In 1978, NASA discovered Skylab’s orbit was decaying rapidly and various plans were devised to bring it down safely, and not in an uncontrolled tumble. Ultimately, they fired the station’s booster rockets, sending it into a spin they hoped would bring it down over the Indian Ocean.
On July 11, 1979, it did indeed come down, breaking apart and burning up in the atmosphere, showering the Indian Ocean with debris that made it all the way to Western Australia. Dr Gibson was at ground control when the space station crashed.
“The only thing I was very happy about, when I knew it was heading for Australia, is that it didn’t hit anybody or cause any real serious damage, so it landed in a reasonable place from that standpoint,” Dr Gibson said. “When it was all over we breathed a sigh of relief and said, well, we’re glad we had the opportunity.”
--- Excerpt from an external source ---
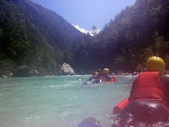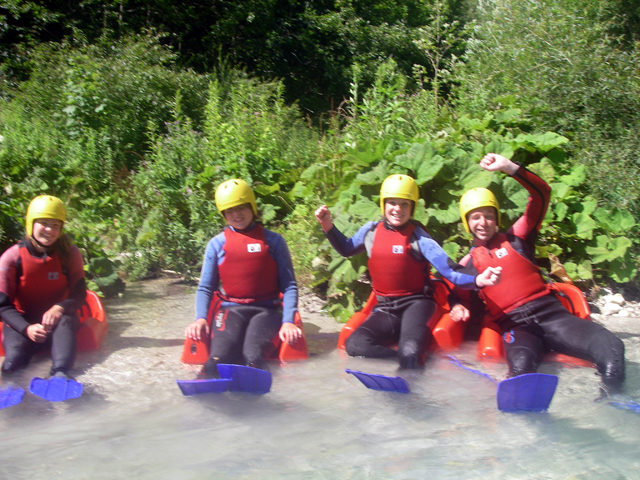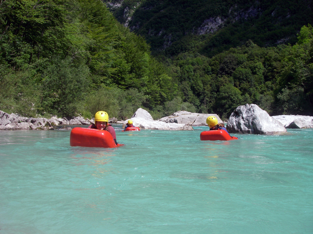 Dag 8: Na al de hele week gevaren te hebben over de Soca, was het nu tijd om er echt in te gaan zwemmen, met hydrospeed. Met een bodyboard zwem je de rivier af.

The small town of Esperance in Australia was one of the places where the debris landed. Luckily no one was hurt, but it jokingly issued an AUS$400 fine to NASA for littering, all the same. While the fine was written off three months later, California DJ Scott Barley asked his listeners to pitch in for the fine and paid this debt off in 2009.
50 years of Skylab
“Skylab’s impact on how we live today cannot be understated. The understanding of our Earth owes a lot to the pioneering observations made by the Skylab crews 50 years ago,” documentary-maker Dwight Steven-Boniecki, director of Searching for Skylab, told IFLScience.
“Skylab’s legacy has finally crawled out from Apollo’s shadow. What was achieved in 1973 and 1974 set the benchmark for ISS mission planning today. Skylab ought never to be forgotten. It was an incredible triumph of ingenuity, perseverance, and courage. Its legacy deserves to share the stage with Mercury, Gemini, and Apollo. Pioneering science in space which reverberates to this day.”
An earlier version of this article was published in 2021.